▸ **Goal of the exercise**
The lines in the listing below are to be given again exactly, starting at the line holding "IBIT 3 Port" and ending at the line holding "全体にパールビーズがつけられた、可愛らしいウールカーディガンです。". Do not include pictures.

================================

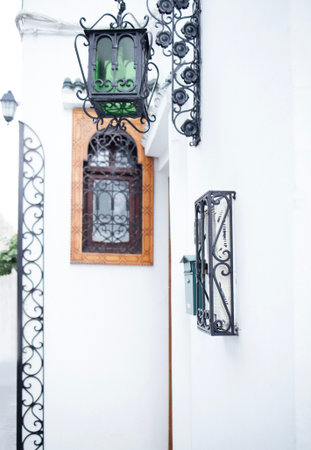 Charming street view with a vintage lantern and intricate wrought ironwork on a white wall, highlighting architectural elegance and inviting atmosphere
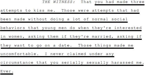 The latitude granted to judges in this arena of law is virtually boundless, as the politicking behind so-called “women’s law” intended it to be. A single statement from the list that heads this post, delivered persuasively enough, could suffice to make any number of allegations “stick” (whether relevant or not). Or repeated emphatic claims of terror and violation could. Or the testimony of a crony witness. Or a real or faked series of text messages or emails. Or a real or spoofed series of calls on a phone (which, if real, could have been about anything).
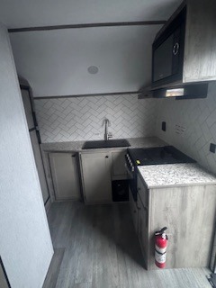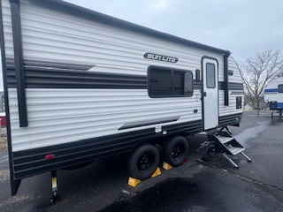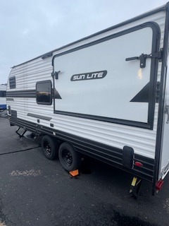 You can trust the build and enjoy your experience with any one of these Sunset Park RV Sun Lite travel trailers or toy haulers! Their aerodynamic profile is not only easy to haul, but also saves on fuel. They are built to withstand years of traveling even though they are lightweight with a diamond plate rock guard, a one piece PVC roof membrane, Dexter Spring-Leaf axles, and tinted safety glass windows. Some comfort standards you are sure to enjoy are the two-burner stove top range with hood, light and fan, plus the refrigerator and microwave, and an outside shower to help keep the dirt outdoors where it belongs.
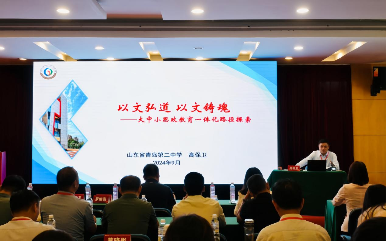 教育部大中小学思政课一体化建设专家指导组成员、青岛二中思政课特级教师、正高级教师、全国思想政治理论课座谈会参会代表、国家级教学名师、全国优秀教师代表座谈会代表、全国模范教师、全国中小学优秀德育工作者、首批齐鲁教育名家、山东省特级教师、齐鲁名师、山东省公司思政课教师年度人物高保卫围绕《以文弘道以文铸魂——大中小思政化教育实施路径的探索》作主题报告
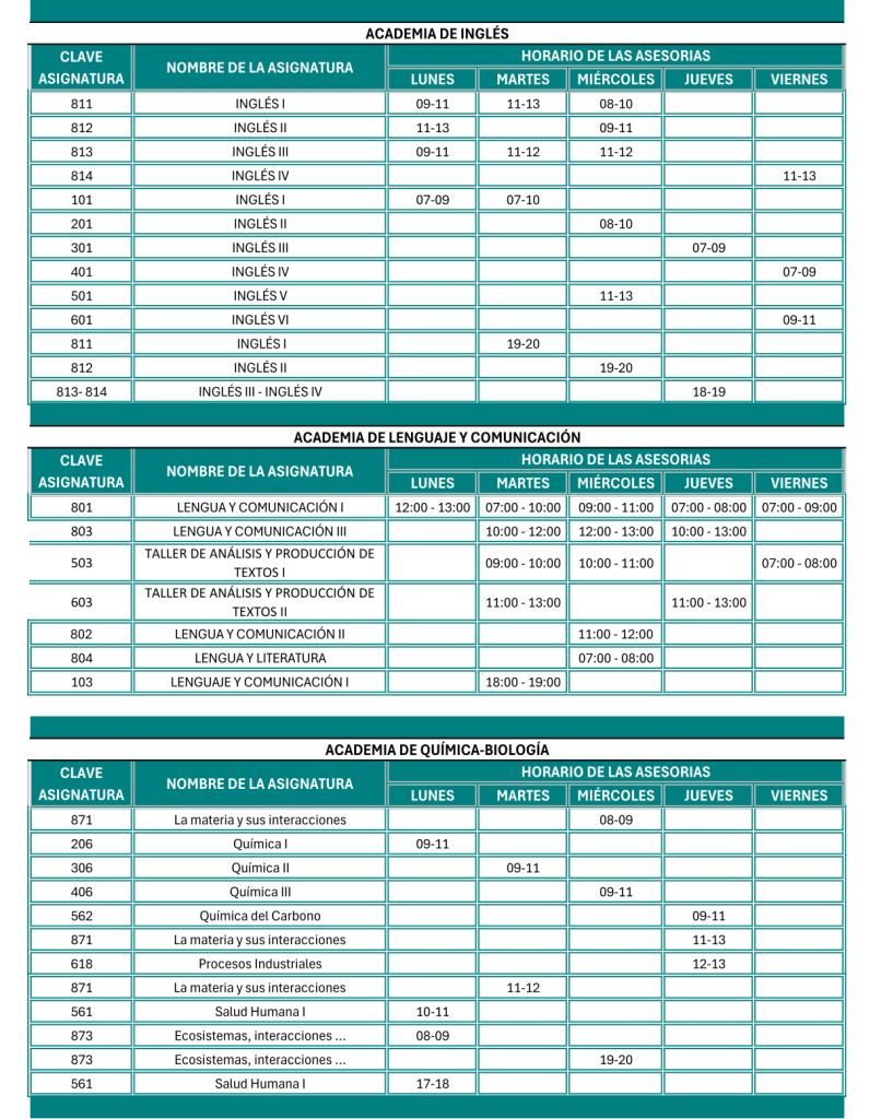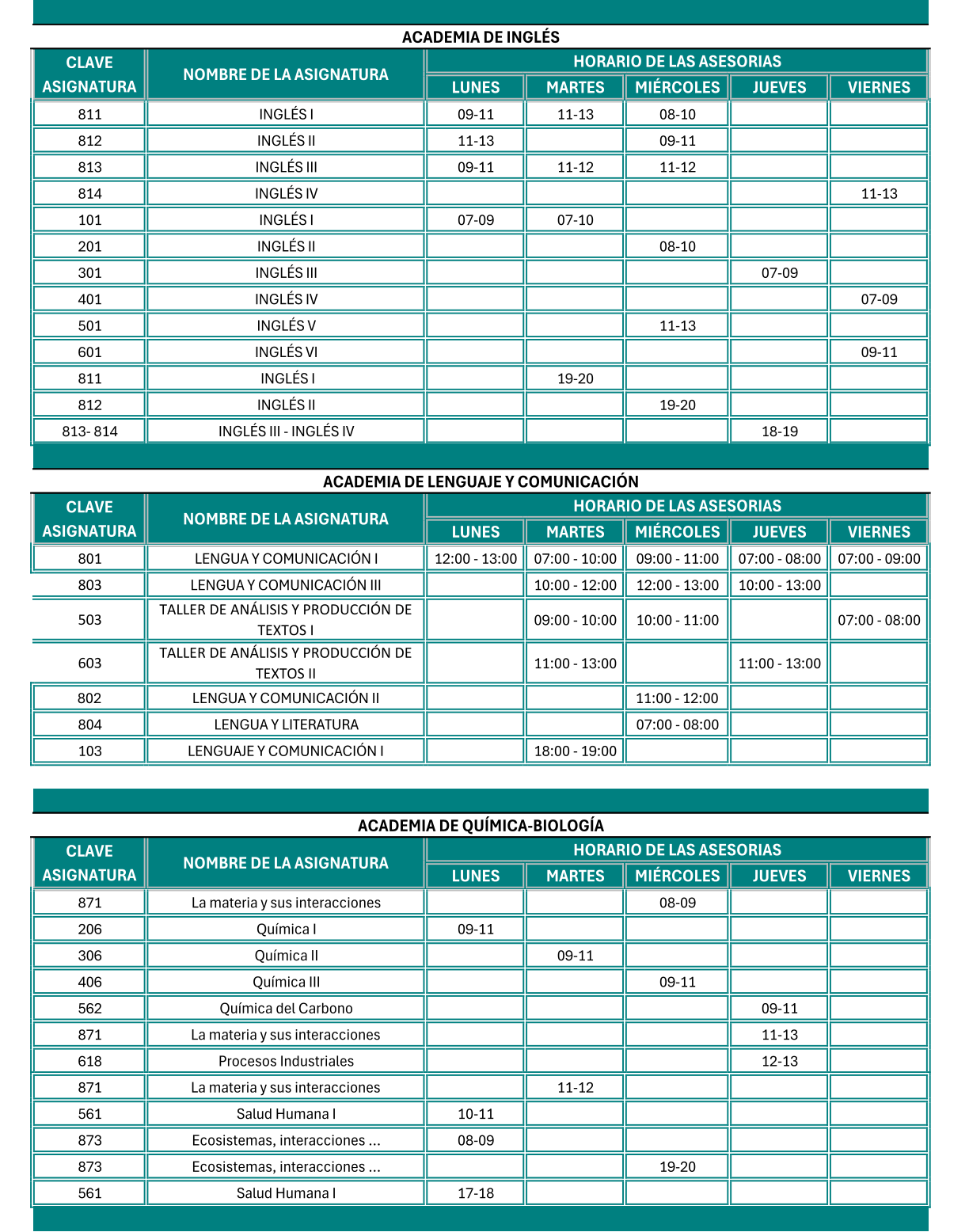 Las asesorías inician el lunes 8 de SEPTIEMBRE
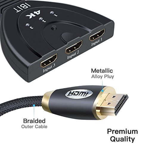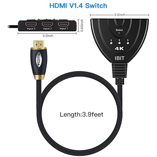 IBIT 3 Port HDMI Switch 4K@30Hz Allows Switch 3 Source HDMI Devices to 1 HDMI Display And Supports Resolutions up to 4K@30hzIt Designed with Longer 4 FT Pigtail Cable(braiding) for More Convenient Use,Automatic Input Switching is Supported When Powering ON/OFF Different HDMI Input Devices.
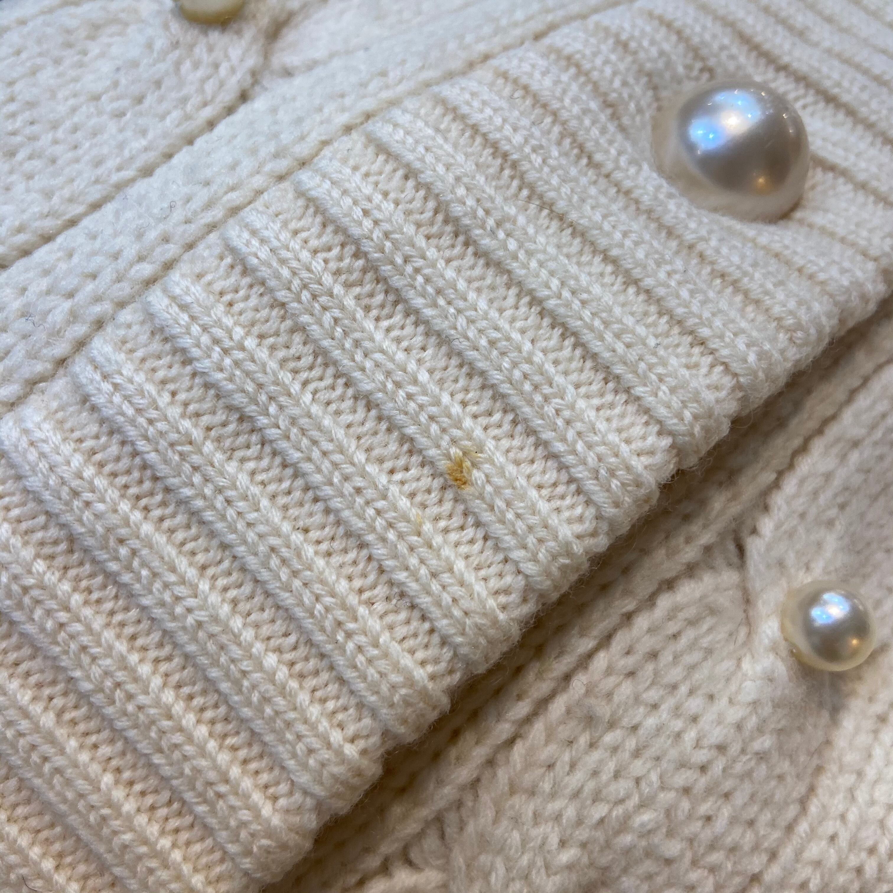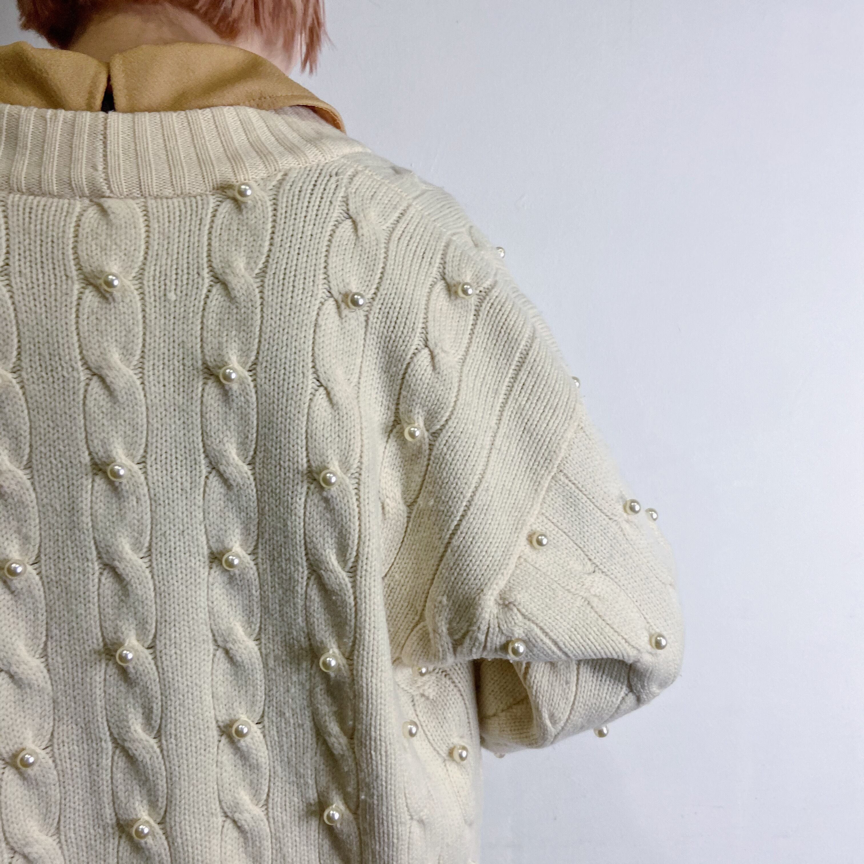 全体にパールビーズがつけられた、可愛らしいウールカーディガンです。
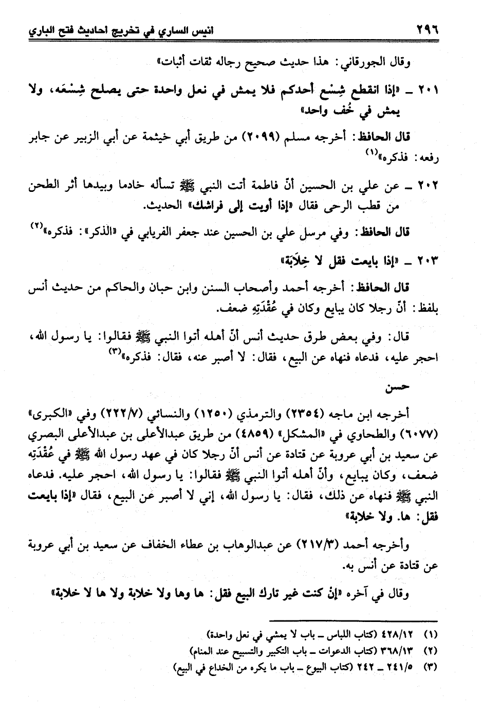 201 - "إذا انقطع شِسْع أحدكم فلا يمش في نعل واحدة حتى يصلح شِسْعَه، ولا يمش في خُف واحد"
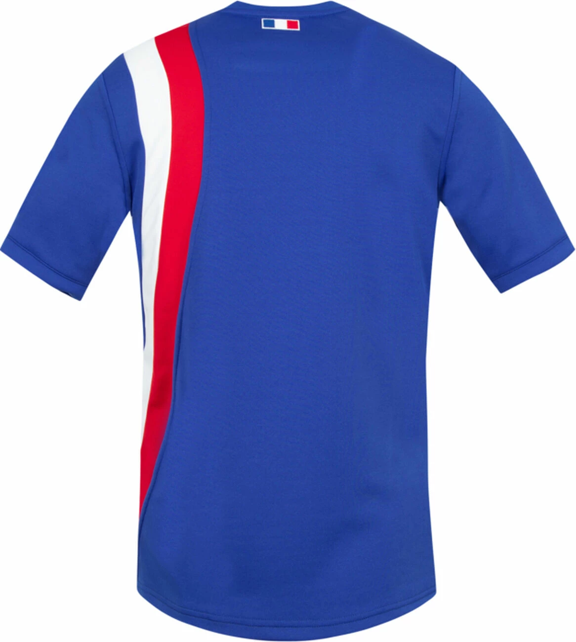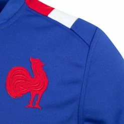 Déclinaison Junior. Ecusson de la Fédération Française de Rugby et logo. Performance brodés de part et d’autre de la poitrine. Drapeau français brodé au niveau de la nuque. Bandes contrastés sur la manche gauche. Col original. Inscription “Notre maillot, notre histoir, notre pays” dans l’encolure. Empiècements texturés sur la partie supérieure du maillot. Inscription “FRANCE RUGBY” ton sur ton sur la manche gauche.

================================

▸ **Answer for the task**
 IBIT 3 Port HDMI Switch 4K@30Hz Allows Switch 3 Source HDMI Devices to 1 HDMI Display And Supports Resolutions up to 4K@30hzIt Designed with Longer 4 FT Pigtail Cable(braiding) for More Convenient Use,Automatic Input Switching is Supported When Powering ON/OFF Different HDMI Input Devices.
 全体にパールビーズがつけられた、可愛らしいウールカーディガンです。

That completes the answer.